CN103915913B - Fractional order parallel-series resonance wireless power transmission system - Google Patents

Fractional order parallel-series resonance wireless power transmission system Download PDF

Info

Publication number
CN103915913B
CN103915913B CN201410129860.5A CN201410129860A CN103915913B CN 103915913 B CN103915913 B CN 103915913B CN 201410129860 A CN201410129860 A CN 201410129860A CN 103915913 B CN103915913 B CN 103915913B
Authority
CN
China
Prior art keywords
fractional order
inductance
secondary
former limit
electric capacity
Prior art date
Application number
CN201410129860.5A
Other languages
Chinese (zh)
Other versions
CN103915913A (en
Inventor
张波
黄润鸿
丘东元
Original Assignee
华南理工大学
Priority date (The priority date is an assumption and is not a legal conclusion. Google has not performed a legal analysis and makes no representation as to the accuracy of the date listed.)
Filing date
Publication date
Application filed by 华南理工大学 filed Critical 华南理工大学
Priority to CN201410129860.5A priority Critical patent/CN103915913B/en
Publication of CN103915913A publication Critical patent/CN103915913A/en
Application granted granted Critical
Publication of CN103915913B publication Critical patent/CN103915913B/en

Links

Abstract

The invention provides a fractional order parallel-series resonance wireless power transmission system which comprises a high-frequency power source, a transmitting portion, a receiving portion and a load. The transmitting portion comprises a primary side fractional order capacitor and a primary side fractional order inductor which are connected in series. The primary side fractional order inductor is provided with a primary side resistor. The receiving portion comprises a secondary side fractional order capacitor and a secondary side fractional order inductor which are connected in parallel. The secondary side fractional order inductor is provided with a secondary side resistor. Wireless power transmission is achieved through a fractional order element, the dimensionality of parameter design is increased, and the fractional order parallel-series resonance wireless power transmission system is completely different from a traditional wireless power transmission system achieved through an integer order element.

Description

A kind of fractional order series-multiple connection resonant radio can transmit system

Technical field

The invention belongs to wireless power transmission or the field of wireless power transmission technology, particularly to a kind of fractional order Series-multiple connection resonant radio can transmit system.

Background technology

Wireless power transmission or wireless power transmission technology before more than 100 years just by American inventor tesla (Nicola Tesla) is attempted experimentally.2006, the research of the Massachusetts Institute of Technology (MIT) Personnel utilize the resonance technique of physics successfully to light one in 2m distance left and right with the efficiency of 40% The bulb of 60W, this experiment is not only the reproduction of tesla's experiment, especially wireless power transmission technology Another new breakthrough, and started the upsurge of wireless power transmission research.

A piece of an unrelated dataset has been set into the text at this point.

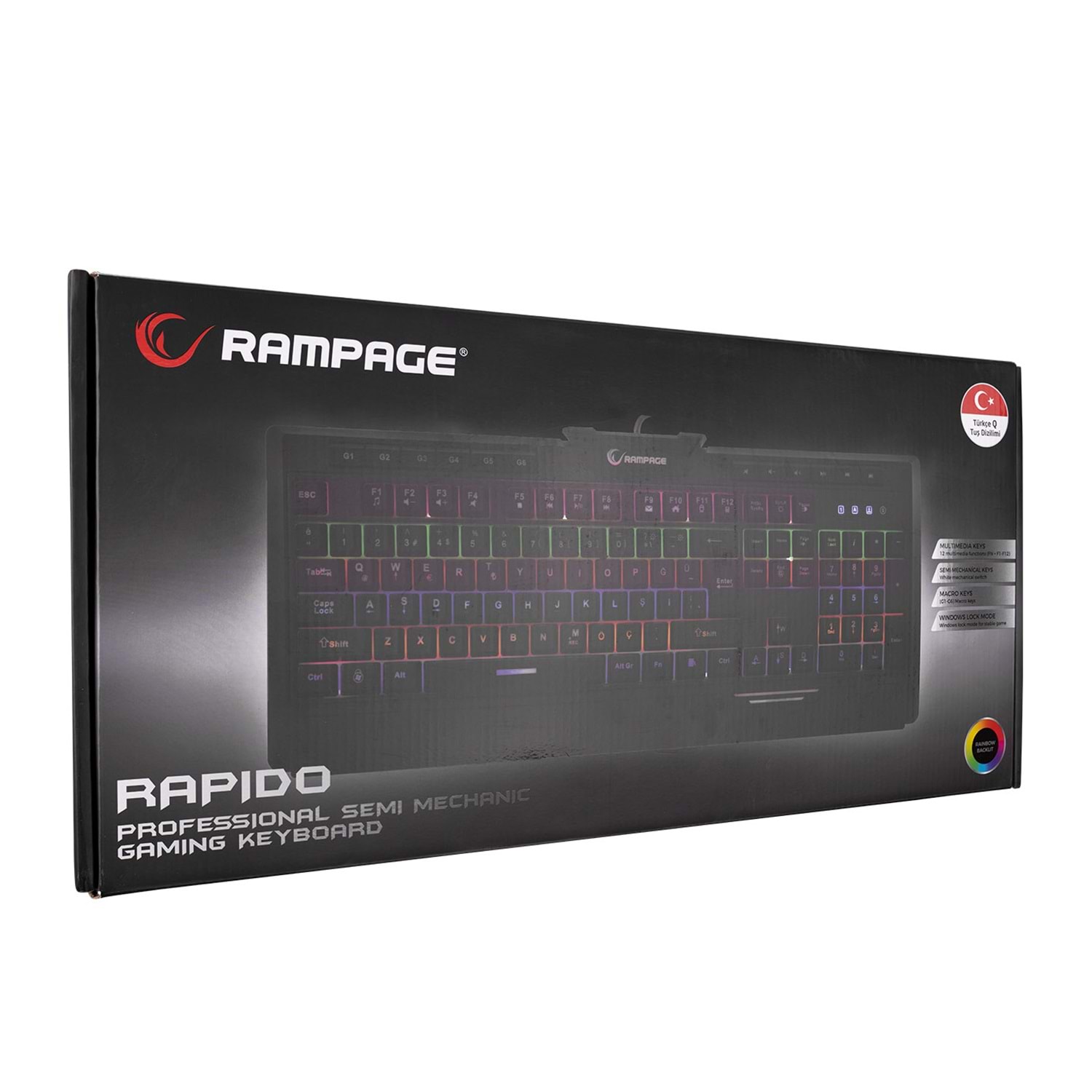 Rampage RAPIDO PLUS Semi Mechanical Sese Duyarlı Rainbow Işıklı Makrolu Gaming Klavye

Wireless power transmission technology is the electric energy transmission means of a kind of wide application prospect, have safety, can Lean on, flexibly, the advantage such as convenient, be increasingly subject to the attention of countries in the world, and the most extensively applied In the various places be not suitable for or be inconvenient to use conductive contact transmission electric energy, as implantable medical device, Mobile electronic product, robot, rail electric car such as are powered at the occasion, and be expected in the near future can be Small-power electronic product wireless charging aspect replaces traditional plug charging.

Current radio energy transmission system is all based on integer rank inductance, electric capacity realizes, its resonance frequency Rate is only determined by inductance value and capacitance, and therefore, the design of its system only need to consider parameter value, it is not necessary to considers The exponent number of element, the degree of freedom of design is fewer.Meanwhile, the element of real system is substantially fractional order , but the most exponent number in current reality is close to 1, neglects completely during for fractional order Slightly.Traditional modeling by integer rank designs radio energy transmission system, under certain conditions, and reason Opinion and actual error may be the biggest.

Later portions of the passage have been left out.